Приехав в Москву в марте 1925 года, когда Ганин и его товарищи находились под следствием, и, несомненно, в первые же дни узнав об этом, Есенин заметался… Об аресте целой группы знакомых людей – художников Чекрыгиных и актера Бориса Глубоковского – ему конечно же рассказали сразу – либо в комнатке на Никитской, либо в «Стойле Пегаса». Только из официальной прессы невозможно было ничего узнать. Она, в отличие от «дела четырех поэтов», специально раздутого ею, о «фашистском заговоре» Ганина не напечатала ни слова. Невыгодно было признавать, что на седьмом году советской власти в столице возникла антисоветская группа заговорщиков, не дворян, не церковников, не бывших офицеров, а молодых людей из самого что ни на есть простого народа, вчерашних крестьян. Эти люди просто исчезли из жизни, и о реакции общества на их исчезновение не осталось никаких свидетельств. Никто не знал, что произошло. Процесс, следствие, приговор, исполнение приговора – все было сделано тайно. Как на все случившееся реагировал Есенин, до последнего времени не было известно. И лишь недавно в альманахе «Минувшее» появилось письмо художника Павла Мансурова, эмигрировавшего на Запад в 1928 году. Мансуров встретился с Есениным в «Англетере» за день до гибели поэта. На этой встрече были еще Николай Клюев, Устинов с женой и Вольф Эрлих. Письмо Павла Мансурова, написанное в 1972 году, адресовано О. И. Ресневич-Синьорелли. Письмо длинное, в нем идет речь об общеизвестных фактах, как Есенин читал Клюеву последние стихи, как Клюев съязвил, что эти стихи «для барышень». Но нас в данном случае интересует особо важное воспоминание Мансурова: «Когда Клюев… вышел на минутку и мы остались вдвоем, Есенин говорит мне: „Ты знаешь, какая стерва, этот Коленька… Но это, – говорит, – все ерунда, а вот не ерунда эта история с Ганиным… Ты знаешь, меня вызвали в ЧК, я пришел, и меня спрашивают: вот один молодой человек, попавшийся в 'заговоре', и они все мальчишки, образовали правительство, и он, его фамилия Ганин, говорит, что он поэт и ваш товарищ, что вы на это скажете? Да, я его знаю. Он поэт. А следователь спрашивает, – хороший ли он поэт. И я, говорит Есенин, ответил не подумав, товарищ ничего, но поэт говенный“. Ганина расстреляли. Этого Есенин не забыл до последней минуты своей жизни…»

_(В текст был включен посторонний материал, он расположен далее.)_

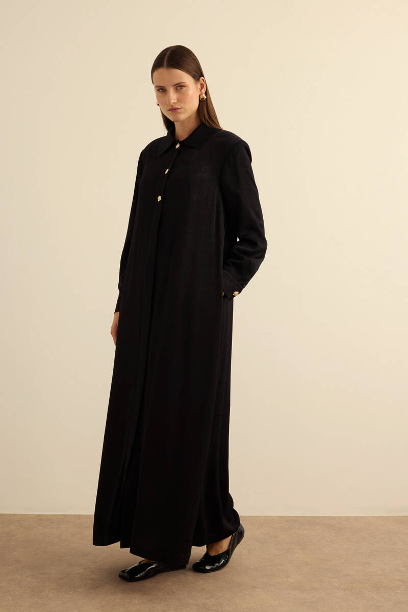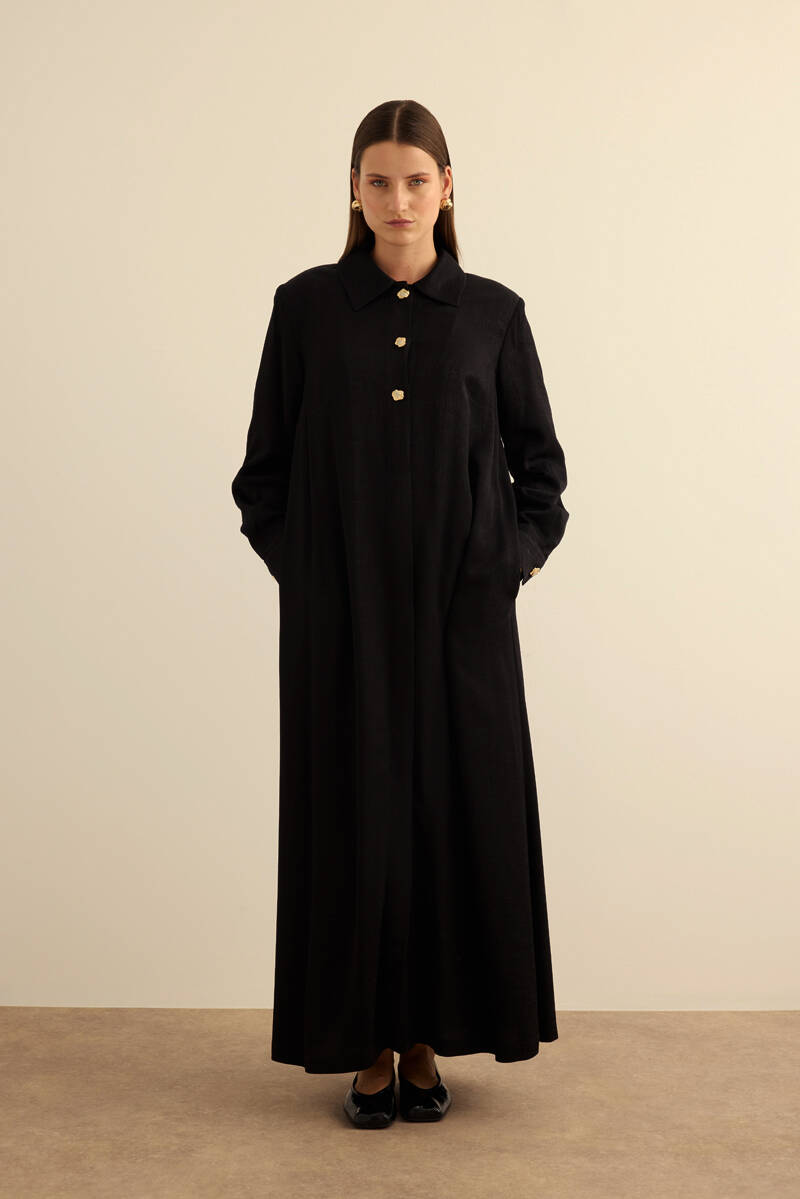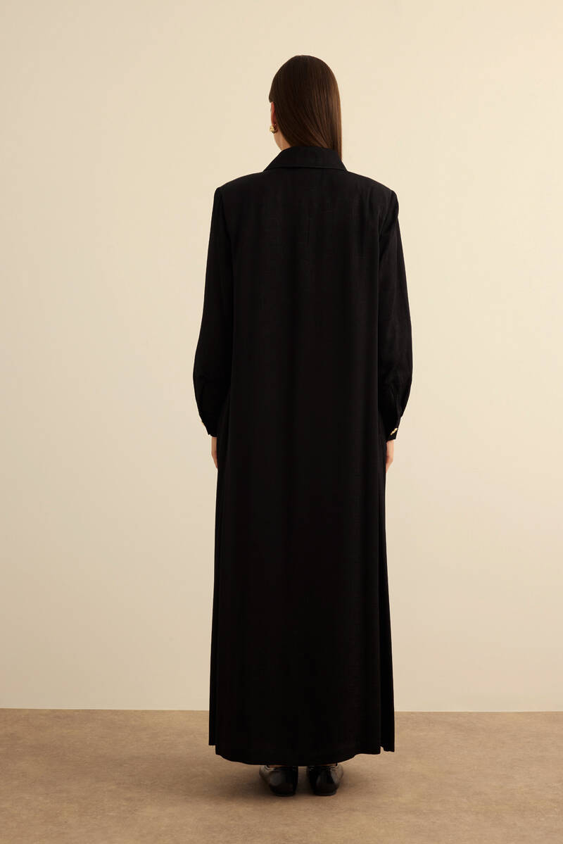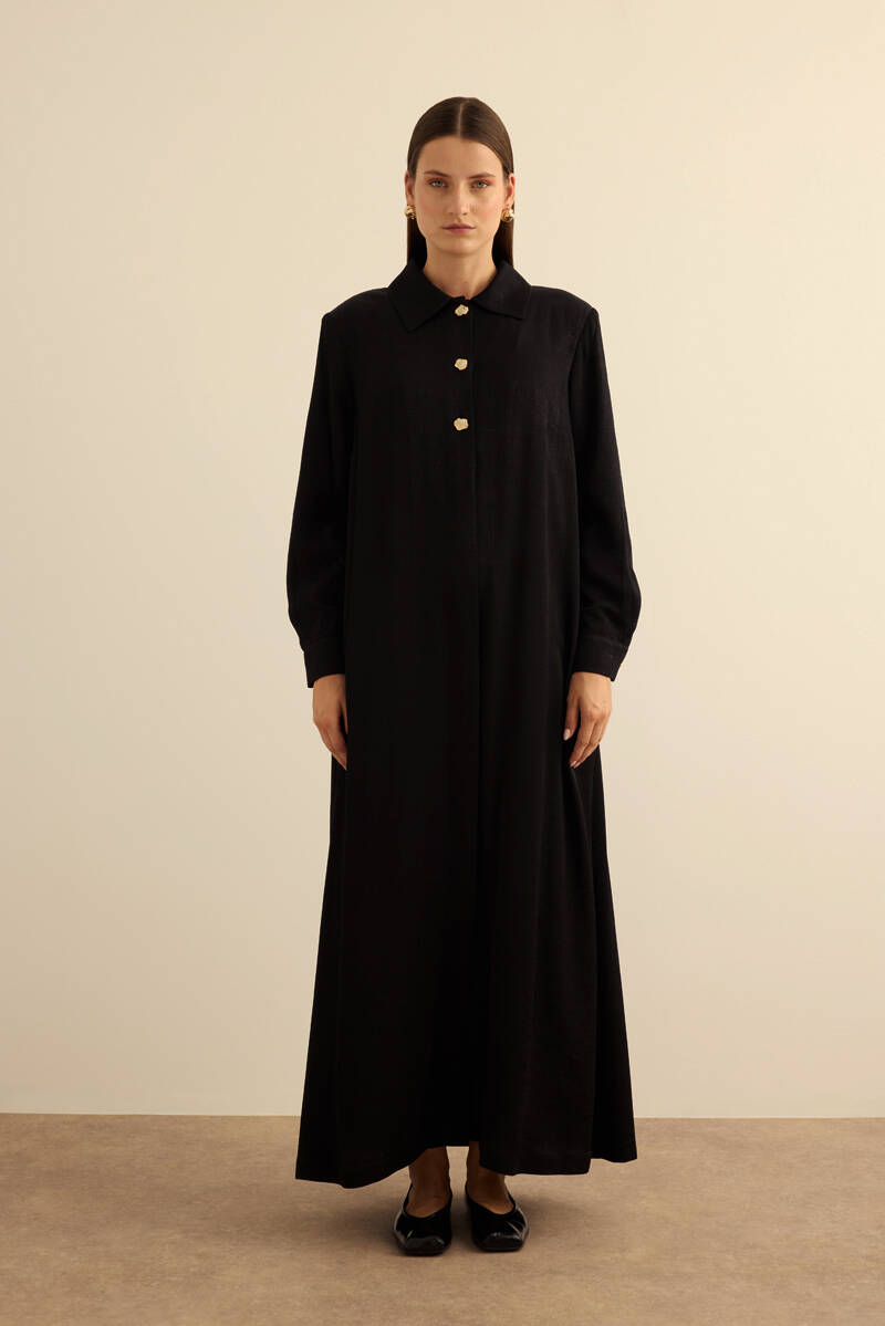 Siyah Doğal Dokulu Kumaş Gömlek Elbise
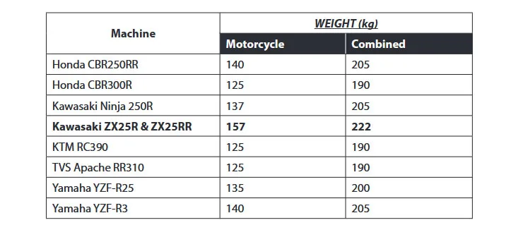 Terlihat Terdapat update Demi musim balap 2025 ini dari Ninja ZX-25R dimana bobot minimal motor 157kg (awalnya 160 kg di 2024) dan bobot kombinasi 222 kg. Menarik Menonton pihak regulator menyamakan bobot minimum dari CBR250RR dan Yamaha R3, seakan-akan kembali bahwa Asia mengakui bahwa walaupun bermesin 249cc Tetapi level performa dari CBR250RR memang baru Dapat dijabani atau selevel oleh Yamaha R3 yang Mempunyai 72cc kubikasi lebih banyak atau tepatnya 321 cc.
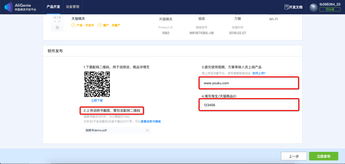 | 2 | 填写产品信息 | 必填 | 必填 | 必填 | |
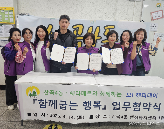 (중앙뉴스타임스 = 방재영 기자) 인천 부평구 산곡4동 지역사회보장협의체는 14일 지역 내 제과점 쉐라메르와 ‘오 해피데이, 함께 굽는 행복’ 사업 추진을 위한 업무협약을 체결했다.
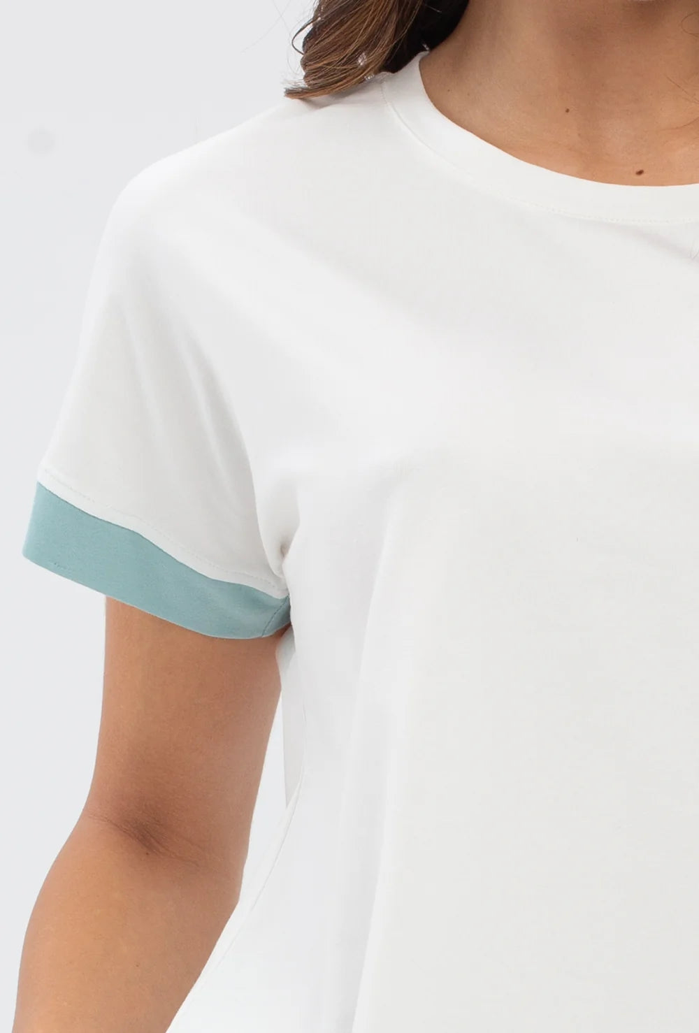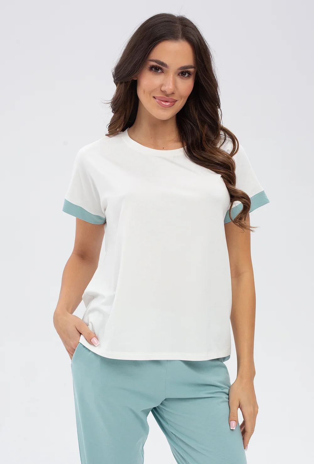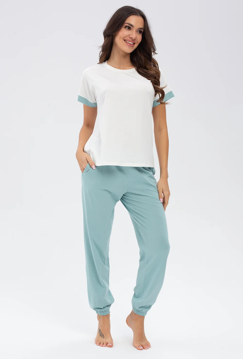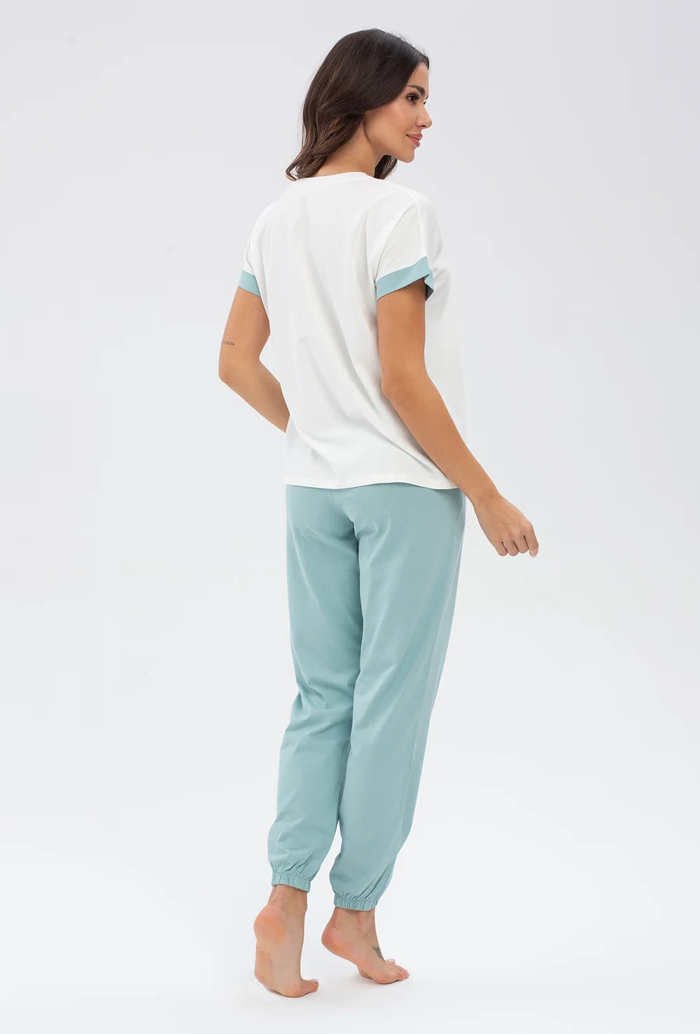 Piżama posiada luźny fason, który zapewnia swobodę ruchów. Góra z krótkim rękawem nadaje lekkości całemu zestawowi, natomiast długie spodnie z elastyczną gumką w pasie zapewniają wygodne dopasowanie i komfort noszenia.
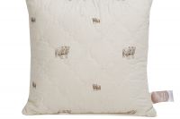 С давних времен известны лечебные свойства овечьей шерсти. Входящий в ее состав ланолин, а также микромассажные действия шерстинок, улучшают состояние кожи, снимают болевые ощущения, согревают. Сон на такой подушке расслабляет и оздоравливает. Упругий наполнитель из силиконизированного волокна и лебяжьего микроволокна хорошо поддерживает голову и шею во время сна.
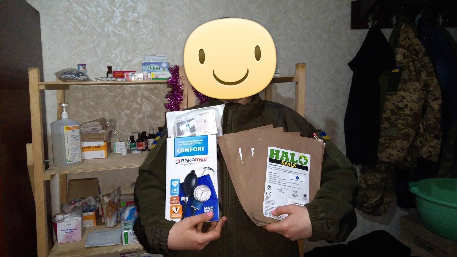 Передала военным медикам катетер костного доступа, окклюзионные наклейки HALO и тонометр.
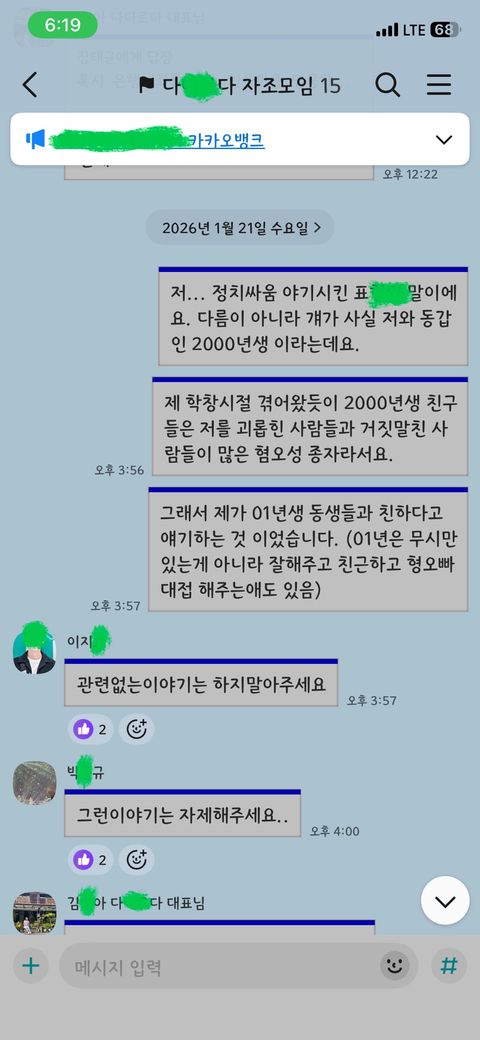 20260121 수요일날 저희 장애인 정신과 모임에서 사건 하나가 터졌는데요. 제가 혐오하기 고민과 모임강퇴 고민이 있었습니다. 저는 박씨 장애인 00년생 남자입니다.
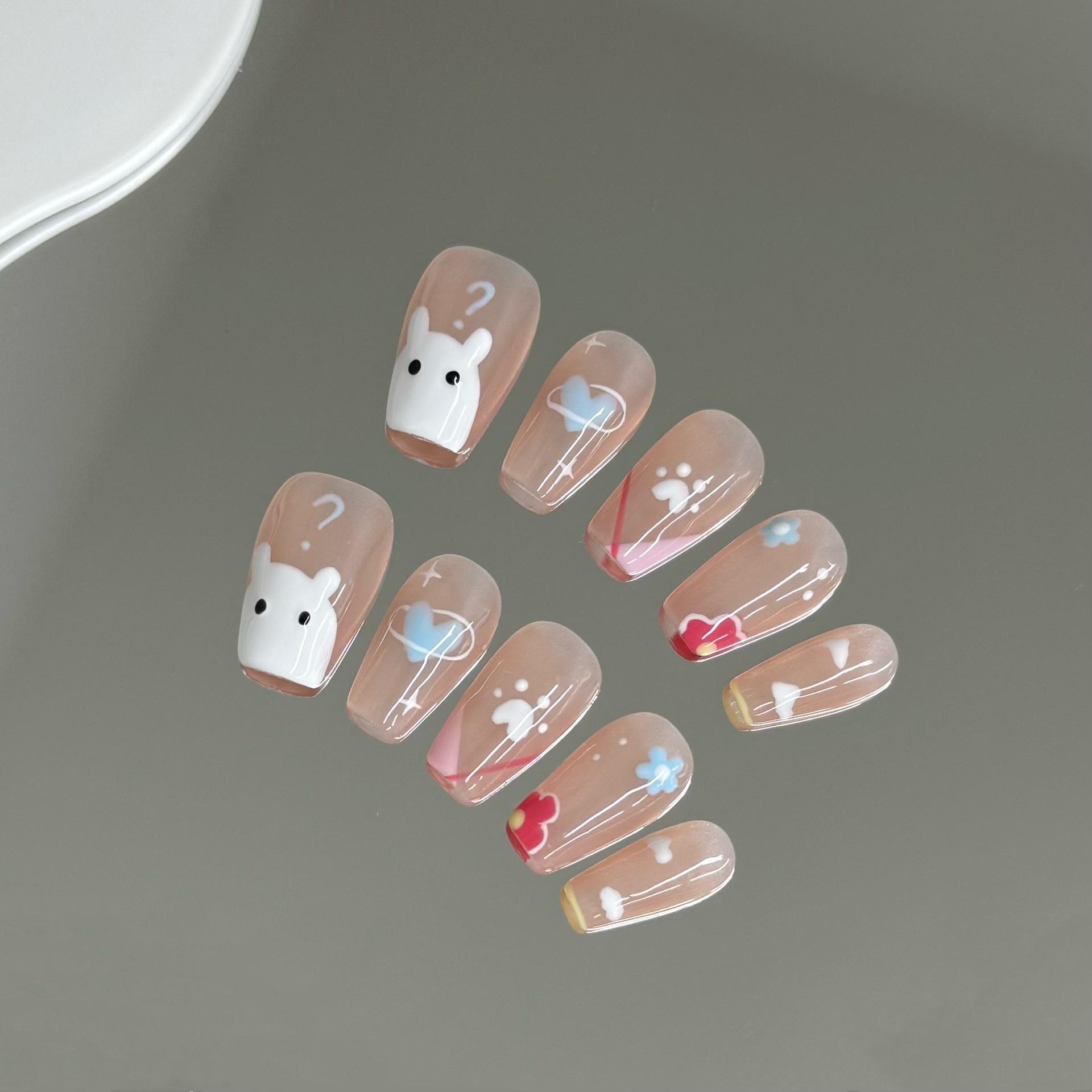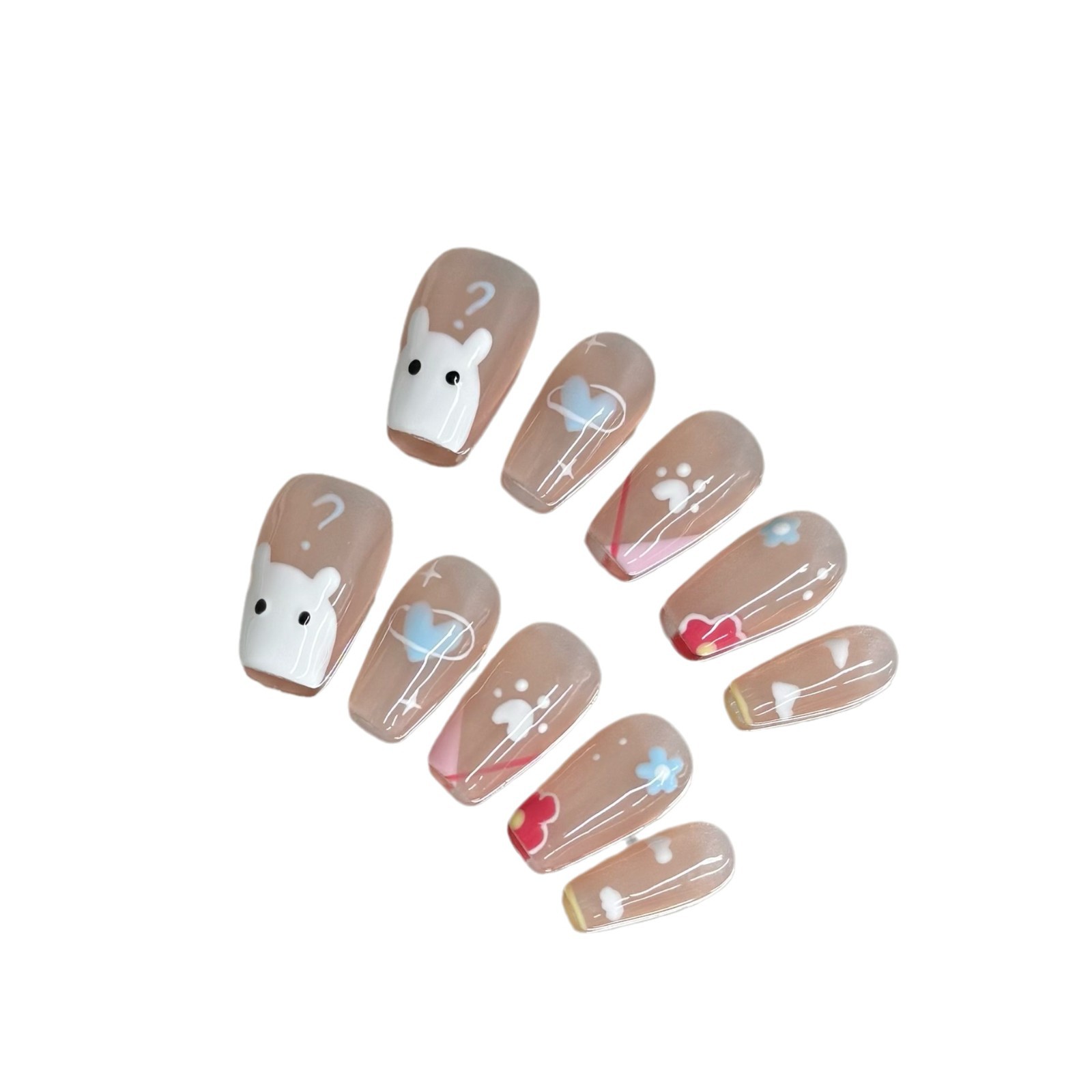 手工穿戴甲卡通可爱手绘涂鸦狗狗简约ins风显白可拆卸美甲贴片
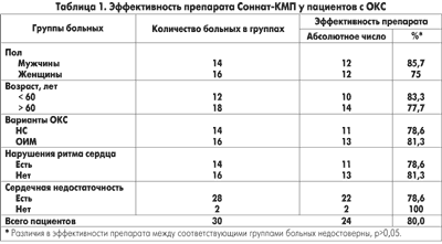 Применение препарата Соннат-КМП оказалось эффективным у 24 (80%) из наблюдавшихся пациентов. Характеристика эффективности в различных группах обследованных больных представлена в таблице 1. Как видно из представленной таблицы, эффективность препарата Соннат-КМП не зависела от пола и возраста пациентов. Препарат был в равной степени эффективен у пациентов с нестабильной стенокардией (78,6%) и с ОИМ (81,3%), при отсутствии (81,3%) и наличии нарушений ритма сердца (78,6%), у лиц без проявления сердечной недостаточности (100%) и при наличии таковых (78%), во всех случаях р>0,05.
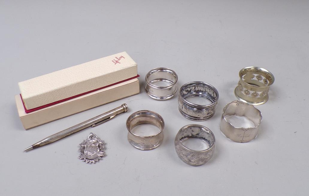SILVER NAPKIN RINGS, SILVER PENDANT, SILVER PROPELLING PENCIL - 3ozt
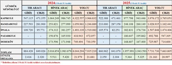 Trakya GDTBM 2024-2025 Yılları Aynı Dönem(1 Ocak -31 Aralık) Tır-Binek Araç-Yolcu Karşılaştırma İstatistikleri

Поразительно, что об этом разговоре, мистическим образом, во всех подробностях, предвосхитившем разговор Сталина с Пастернаком о Мандельштаме, Есенин вспомнил за сутки до своей гибели.
Значит, в марте (ранее это было невозможно – Сергей еще был на Кавказе) Есенина вызывали в ЧК. Как раз в период его знакомства с Толстой, жениховства, смотрин, разрыва с Бениславской. Видимо, предчувствуя скорую развязку трагедии и, может быть, узнав в ЧК о деле Ганина гораздо больше того, что он рассказал Мансурову, Есенин прибег к испытанному не раз приему: дело не шуточное, значительно серьезнее, нежели все прежние, в которых он был замешан, так что надо бежать пока не поздно, скрыться, исчезнуть из Москвы… А то и его загребут под горячую руку…
Видимо, поэтому 27 марта, за три дня до расстрела Ганина, неожиданно для всех знакомых, предвкушавших развитие его романа с Софьей Толстой, жених сел в поезд Москва – Баку. Скорее под надежное покровительство Кирова! В Баку он прибыл 30 марта и сразу же, на всякий случай не останавливаясь в гостинице, поселился у Чагина.